Тотальное одиночество автора приводит к появлению двойника: “Подойдя к зеркалу, я опять увидел тебя”. Сложные отношения с собственным двойником, а позже — с множащимися двойниками, беспрерывные уточнения характеристик этих двойников и составляют, собственно, сюжет “Nature vive”. В отличие от постмодернистского конфликта “автора с порождаемым им текстом”, здесь перед нами — жест беспримесного одиночества. Изначально двойник выглядит довольно кокетливо (“вечерами ты выбираешь себе имя”) или же трогательно — как любимая игрушка, с которой вслух разговаривает страшащийся одиночества ребёнок (“Ты любишь, когда в тебя играют”). Позже, он подобно гоголевскому Носу, обретает самостоятельность — недаром автор мимоходом высказывает желание научиться рисовать нос! Отношения приобретают характер диалога, соперничества, ревности. “...Пока еще ты — это я сам для личного пользования,” — заявляет автор, и это звучит почти как: “Тень, знай место!” Но чуть позже в тексте появляется формула: “Жить = переплывать реку на собственной тени”. Автор не только осознал свою обречённость на двойника, но и смирился с ним: “Я — всего только ты в моём дневнике, написанном тобой же.” Грань между автором и двойником размывается, они осознают себя эдаким чудовищным сиамским близнецом, сросшимся в амальгаме текста: “...твои вопросы — это мои ответы.” Появляется ещё один двойник: помимо расщепления на просто человека и человека пишущего, автор расщепляется ещё и на человека и человека любящего, для которого найдена жутенькая кличка ТыЯ (притом — женского рода). Итогом этой, какой-то очень взаправдашней ирреальности является едва ли не полная потеря самоидентификации, шаг в зазеркалье: “А те, кто в это время снаружи, посмотрят фильм с твоим участием”.
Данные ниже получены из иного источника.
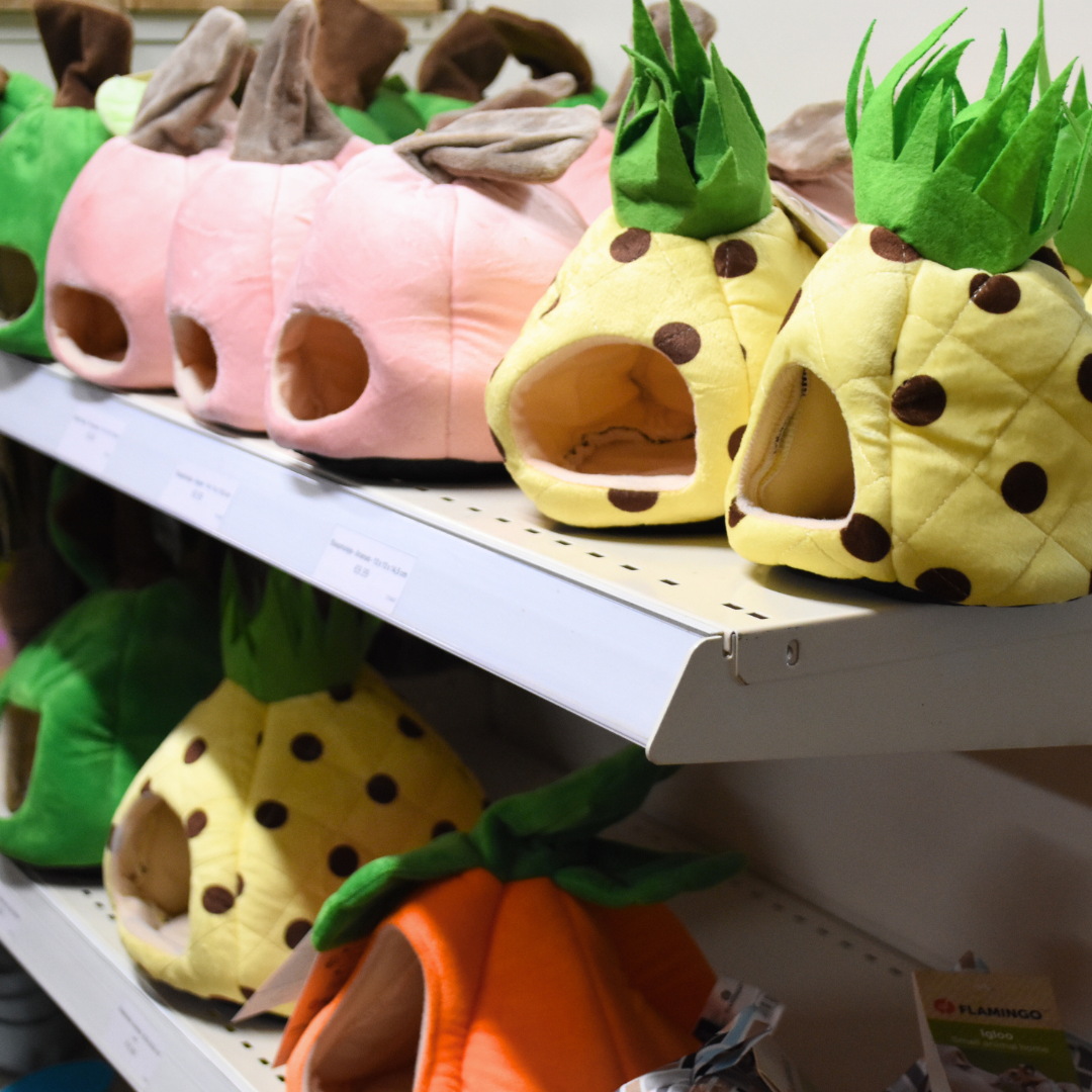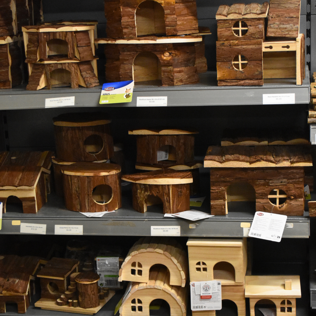 Waterflesjes, voerbakjes, hooiruiven, tunnels, huisjes en speelgoed voor cavia’s. Alles aanwezig in de winkel.
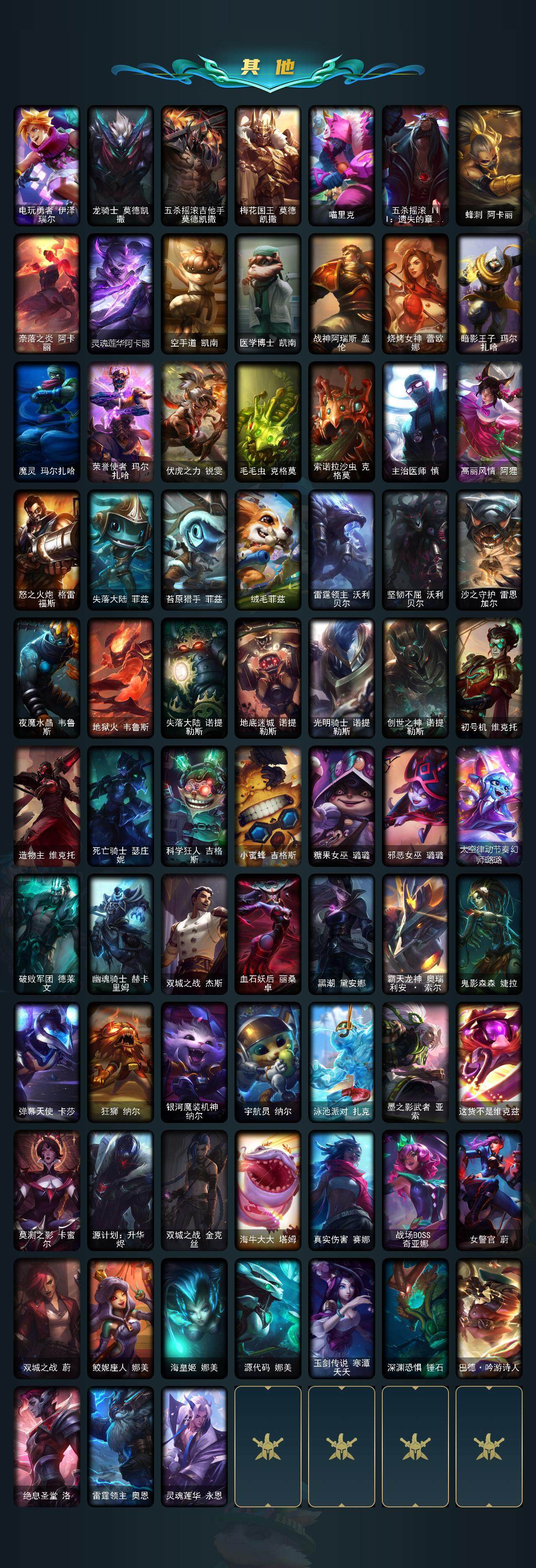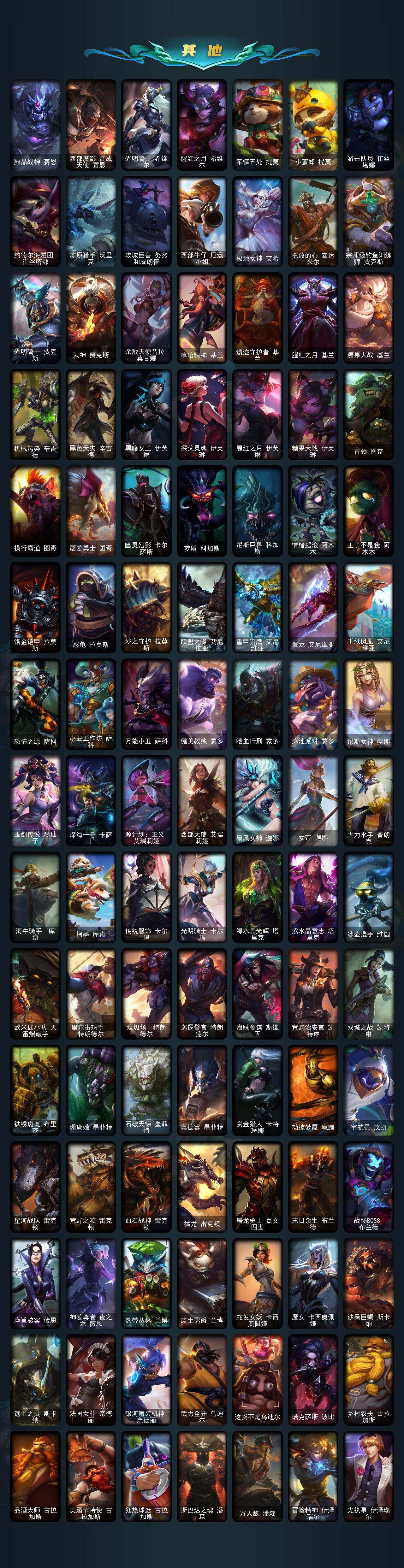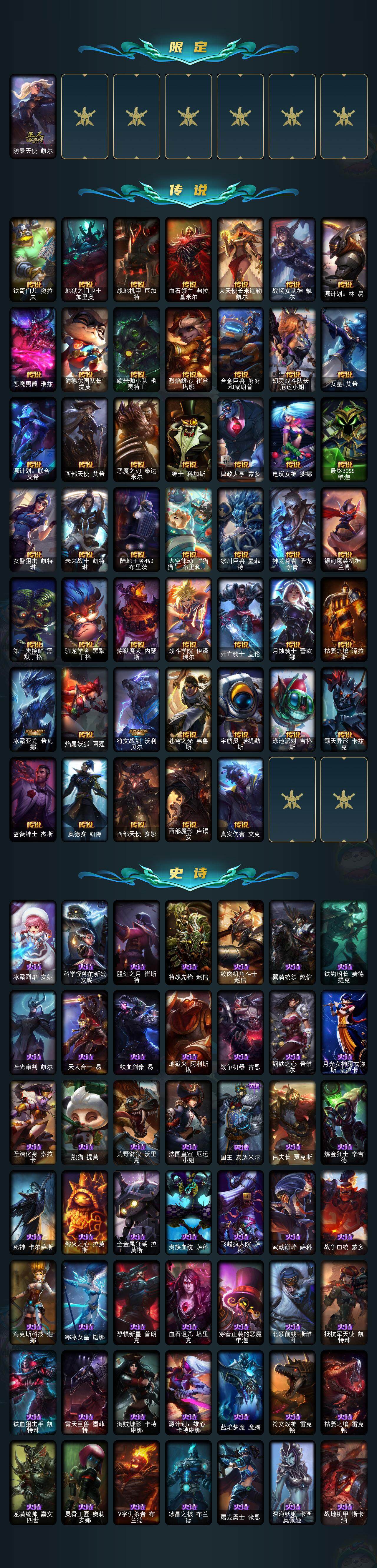 【传说皮肤】:铁哥们儿奥拉夫,地狱之门卫士加里奥,战地机甲厄加特,血石领主弗拉基米尔,大天使长米迦勒凯尔,战场女武神凯尔,源计划林易,恶魔男爵瑞兹,约德尔国队长提莫,欧米伽小队幽灵特工,烈焰雄心崔丝塔娜,合金巨兽努努和威朗普,幻灵战斗队长厄运小姐,女皇艾希,源计划联合艾希,西部天使艾希,恶魔之刃泰达米尔,绅士科加斯,律政大亨蒙多,电玩女神娑

“На незначительные поступки надо долго решаться,” — роняет автор по ходу выяснения отношений со своими двойниками. Формула эта, удивительным образом перекликающаяся со знаменитым “За рубашкой в комод полезешь, и день потерян” Иосифа Бродского, семантически ему противоположна. Лирический герой Бродского испытывает скуку и отвращение при соприкосновении с абсурдом мироздания. Гордасевич, напротив, страшится неосторожным действием разрушить хрупкое бытование мира “Nature vive”. Но мир этот обречён, ибо импровизация подразумевает свободу, а “свобода — высшая степень беспокойства”. “Лишь изменив, можно измениться”, понимает автор. И он изменяет своим двойникам, изменяет тавтологии, делая выбор в пользу уникальности. Автор, начинающий сознавать неисчерпаемость сюжета жизни, первым делом выбрасывает с балкона зеркало, “чтобы оно не размножало наши физиономии”: “Так кончился для меня радостный процесс раздвоения сознания: я уразумел наконец, что весь мир и вправду состоит лишь из абсурдных идей, а мы все не звенья одной цепи, а кольца на разных пальцах”.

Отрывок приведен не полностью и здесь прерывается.